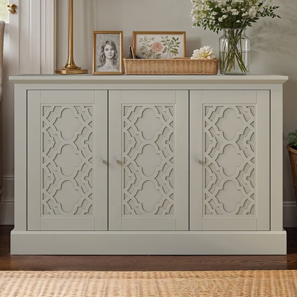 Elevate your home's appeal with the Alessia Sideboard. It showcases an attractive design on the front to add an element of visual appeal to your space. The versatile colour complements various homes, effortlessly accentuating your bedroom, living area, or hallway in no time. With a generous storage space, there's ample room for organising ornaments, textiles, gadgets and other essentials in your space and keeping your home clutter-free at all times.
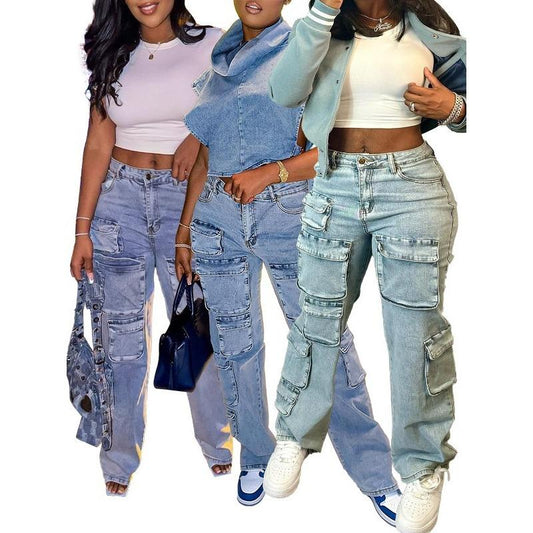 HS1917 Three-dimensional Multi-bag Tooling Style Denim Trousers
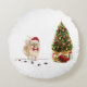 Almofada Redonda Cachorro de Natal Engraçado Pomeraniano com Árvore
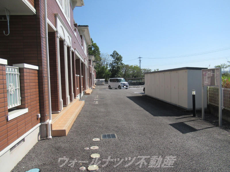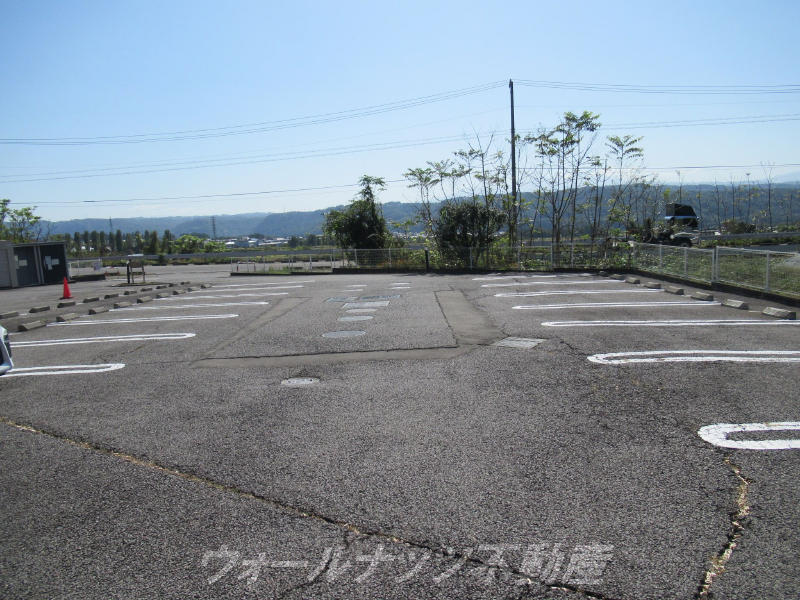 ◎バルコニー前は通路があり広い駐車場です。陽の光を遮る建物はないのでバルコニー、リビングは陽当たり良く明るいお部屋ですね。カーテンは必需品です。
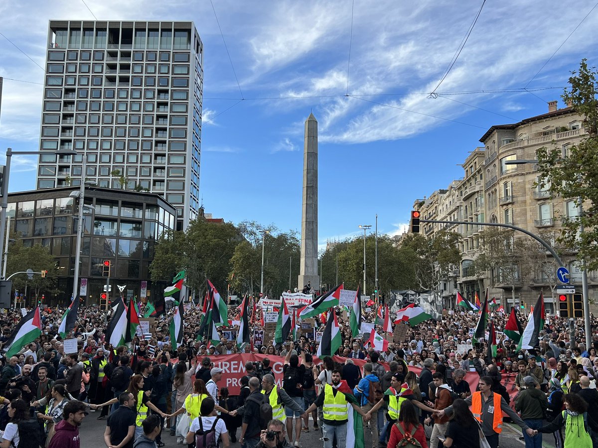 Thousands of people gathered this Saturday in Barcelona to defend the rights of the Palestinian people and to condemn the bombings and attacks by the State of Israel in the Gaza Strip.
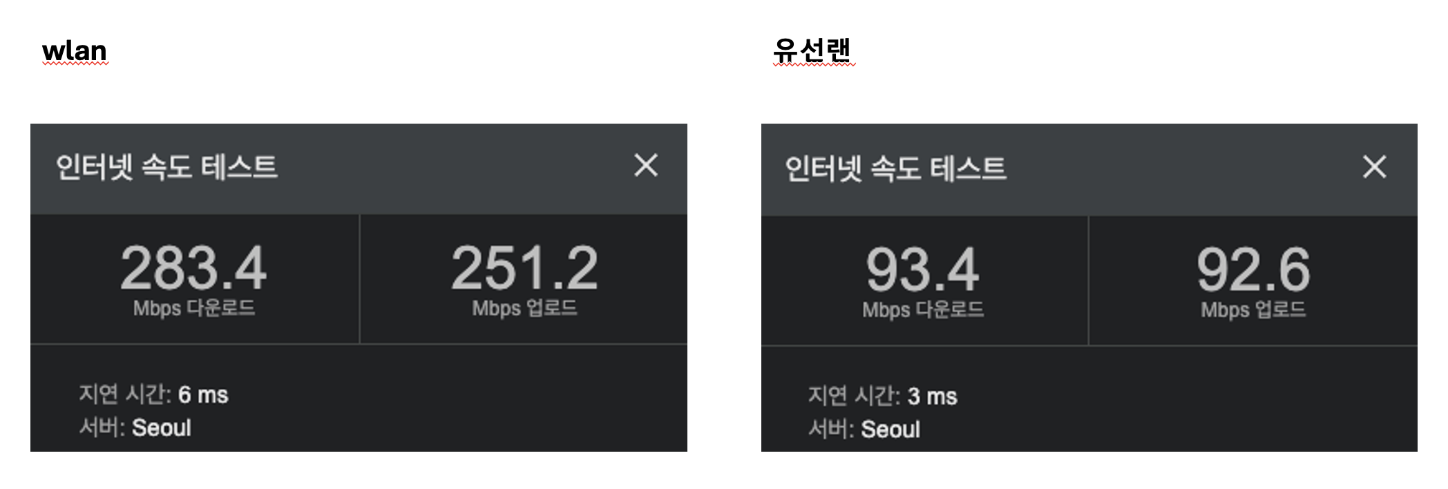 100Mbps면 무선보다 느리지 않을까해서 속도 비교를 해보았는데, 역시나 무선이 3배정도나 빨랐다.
• • • • • • •
* [What is required]:
Output every record above exactly as written, but skip the pictures.

* [Exercise solution]:
 Elevate your home's appeal with the Alessia Sideboard. It showcases an attractive design on the front to add an element of visual appeal to your space. The versatile colour complements various homes, effortlessly accentuating your bedroom, living area, or hallway in no time. With a generous storage space, there's ample room for organising ornaments, textiles, gadgets and other essentials in your space and keeping your home clutter-free at all times.
 HS1917 Three-dimensional Multi-bag Tooling Style Denim Trousers
 Almofada Redonda Cachorro de Natal Engraçado Pomeraniano com Árvore
 ◎バルコニー前は通路があり広い駐車場です。陽の光を遮る建物はないのでバルコニー、リビングは陽当たり良く明るいお部屋ですね。カーテンは必需品です。
 Thousands of people gathered this Saturday in Barcelona to defend the rights of the Palestinian people and to condemn the bombings and attacks by the State of Israel in the Gaza Strip.
 100Mbps면 무선보다 느리지 않을까해서 속도 비교를 해보았는데, 역시나 무선이 3배정도나 빨랐다.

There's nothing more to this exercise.